* GOAL OF THE EXERCISE *
Exact copies of the lines below, from the one with "Defence Minister Shri" up to and including the one with "Image: A close-up", are what this calls for; leave out pictures.

* RECORDS SUPPLIED *
┄┄┄┄┄┄┄┄┄┄
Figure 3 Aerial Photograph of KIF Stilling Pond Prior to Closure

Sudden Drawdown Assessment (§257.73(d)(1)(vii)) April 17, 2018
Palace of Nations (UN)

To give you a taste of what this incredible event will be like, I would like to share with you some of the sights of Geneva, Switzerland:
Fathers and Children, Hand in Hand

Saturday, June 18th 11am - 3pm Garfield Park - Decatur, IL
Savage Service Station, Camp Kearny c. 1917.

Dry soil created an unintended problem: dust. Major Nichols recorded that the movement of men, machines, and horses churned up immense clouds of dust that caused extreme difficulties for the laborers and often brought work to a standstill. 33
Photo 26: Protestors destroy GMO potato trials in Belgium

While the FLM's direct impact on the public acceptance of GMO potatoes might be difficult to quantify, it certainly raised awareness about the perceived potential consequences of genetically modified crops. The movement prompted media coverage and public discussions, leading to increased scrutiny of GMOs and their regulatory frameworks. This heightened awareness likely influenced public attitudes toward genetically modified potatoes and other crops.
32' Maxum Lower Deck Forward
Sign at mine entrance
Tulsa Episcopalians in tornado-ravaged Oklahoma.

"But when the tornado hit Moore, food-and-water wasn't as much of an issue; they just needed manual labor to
┄┄┄┄┄┄┄┄┄┄
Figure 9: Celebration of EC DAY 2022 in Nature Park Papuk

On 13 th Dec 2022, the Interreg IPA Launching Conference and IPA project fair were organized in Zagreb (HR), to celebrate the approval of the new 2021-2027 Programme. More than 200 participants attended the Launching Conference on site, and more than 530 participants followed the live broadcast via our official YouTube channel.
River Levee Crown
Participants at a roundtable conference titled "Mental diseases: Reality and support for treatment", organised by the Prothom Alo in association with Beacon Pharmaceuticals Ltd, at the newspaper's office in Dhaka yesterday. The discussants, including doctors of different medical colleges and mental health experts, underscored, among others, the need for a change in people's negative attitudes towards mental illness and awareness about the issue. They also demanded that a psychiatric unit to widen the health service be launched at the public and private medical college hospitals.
┄┄┄┄┄┄┄┄┄┄
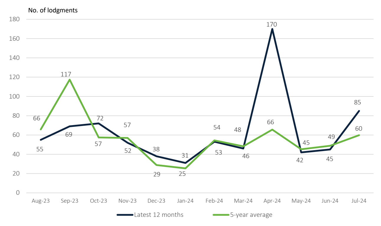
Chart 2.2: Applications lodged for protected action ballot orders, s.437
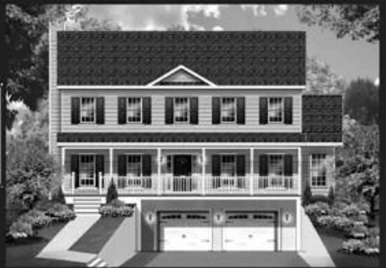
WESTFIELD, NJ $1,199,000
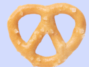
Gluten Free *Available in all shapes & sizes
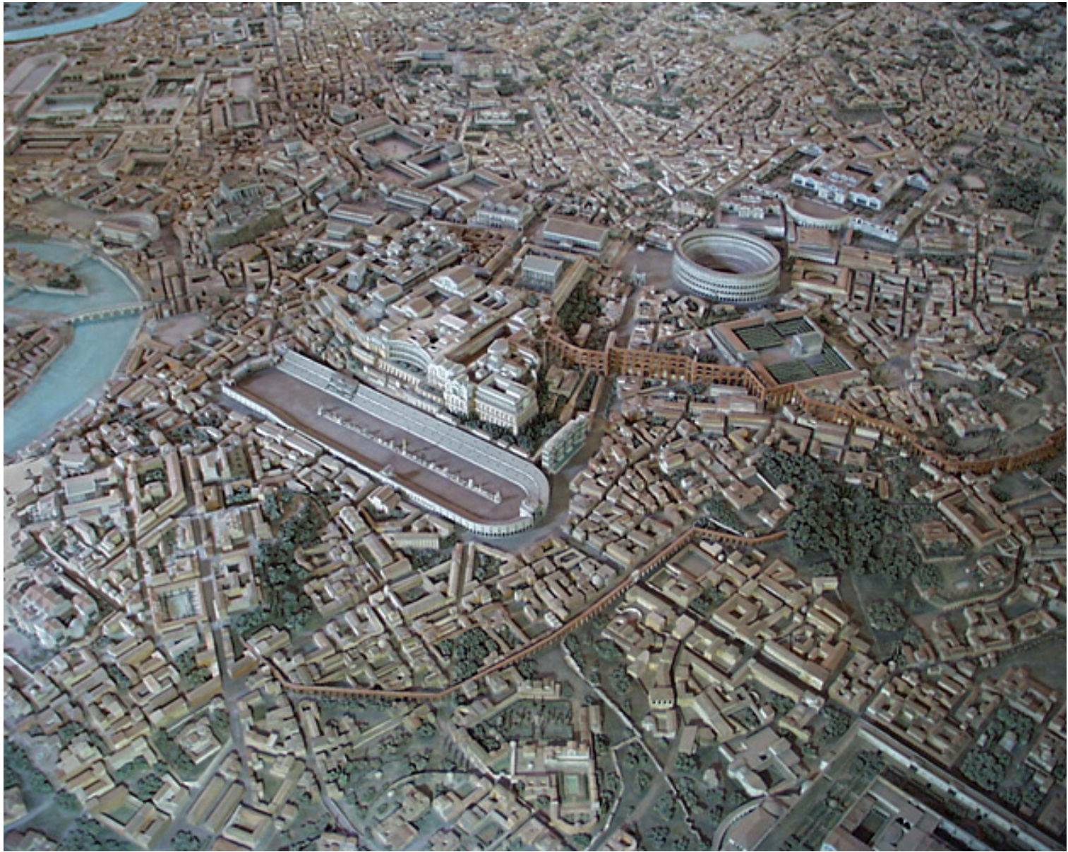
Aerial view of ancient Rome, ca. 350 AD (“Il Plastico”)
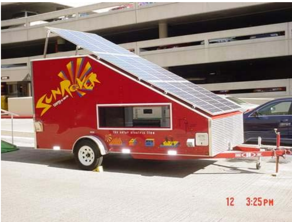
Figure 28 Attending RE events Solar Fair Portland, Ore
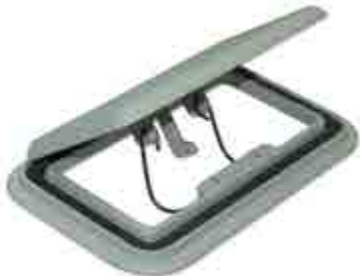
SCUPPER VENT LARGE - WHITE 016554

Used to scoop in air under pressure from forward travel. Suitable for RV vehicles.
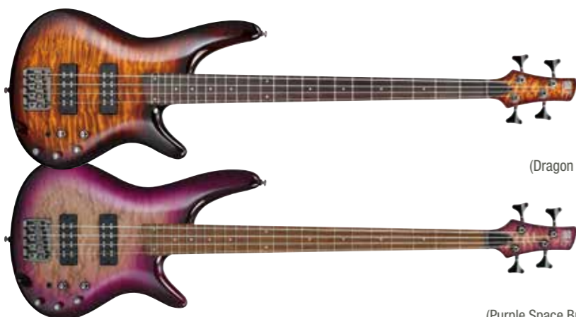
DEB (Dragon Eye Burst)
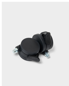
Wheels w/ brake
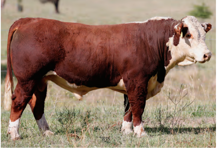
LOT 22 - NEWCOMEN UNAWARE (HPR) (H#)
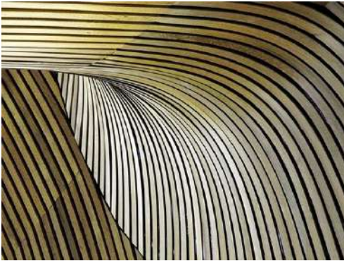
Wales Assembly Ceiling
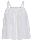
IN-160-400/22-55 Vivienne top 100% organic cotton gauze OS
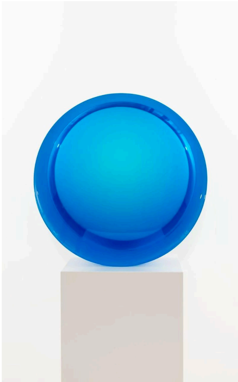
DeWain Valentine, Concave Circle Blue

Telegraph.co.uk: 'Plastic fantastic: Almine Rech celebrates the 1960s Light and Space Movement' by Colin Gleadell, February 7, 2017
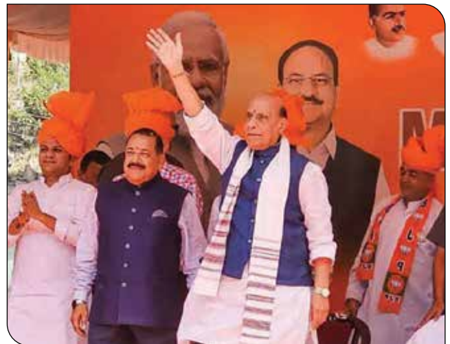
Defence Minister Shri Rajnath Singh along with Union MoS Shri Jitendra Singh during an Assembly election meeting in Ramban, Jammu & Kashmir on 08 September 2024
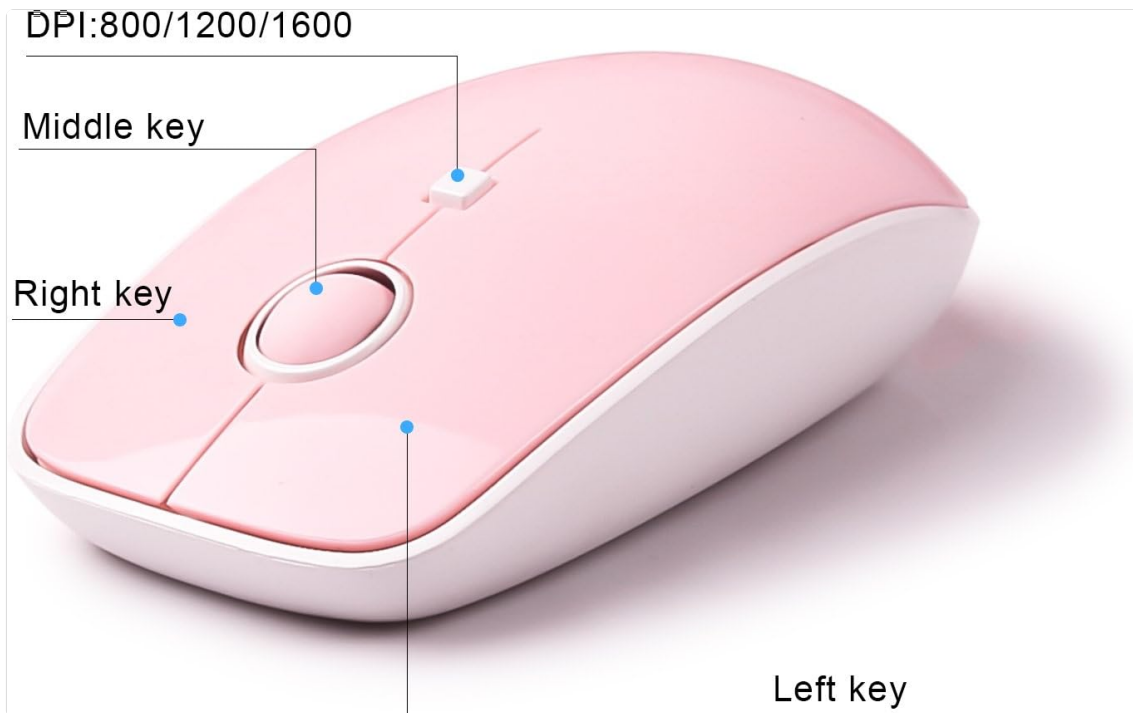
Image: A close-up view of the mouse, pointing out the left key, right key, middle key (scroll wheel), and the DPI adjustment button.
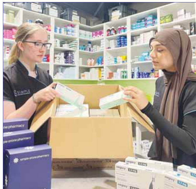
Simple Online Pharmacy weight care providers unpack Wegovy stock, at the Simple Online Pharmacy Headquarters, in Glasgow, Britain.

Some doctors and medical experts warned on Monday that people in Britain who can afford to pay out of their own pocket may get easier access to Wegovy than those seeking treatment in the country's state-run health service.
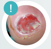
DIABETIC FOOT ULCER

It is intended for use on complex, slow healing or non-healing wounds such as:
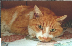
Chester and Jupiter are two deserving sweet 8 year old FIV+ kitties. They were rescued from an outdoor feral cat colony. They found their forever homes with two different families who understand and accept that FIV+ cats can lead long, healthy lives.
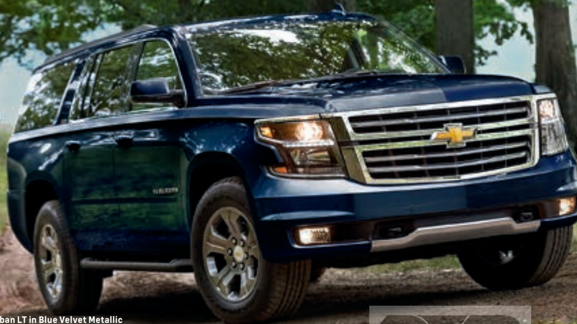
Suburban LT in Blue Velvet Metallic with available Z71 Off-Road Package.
┄┄┄┄┄┄┄┄┄┄
* PROBLEM SOLUTION *
Defence Minister Shri Rajnath Singh along with Union MoS Shri Jitendra Singh during an Assembly election meeting in Ramban, Jammu & Kashmir on 08 September 2024
Image: A close-up view of the mouse, pointing out the left key, right key, middle key (scroll wheel), and the DPI adjustment button.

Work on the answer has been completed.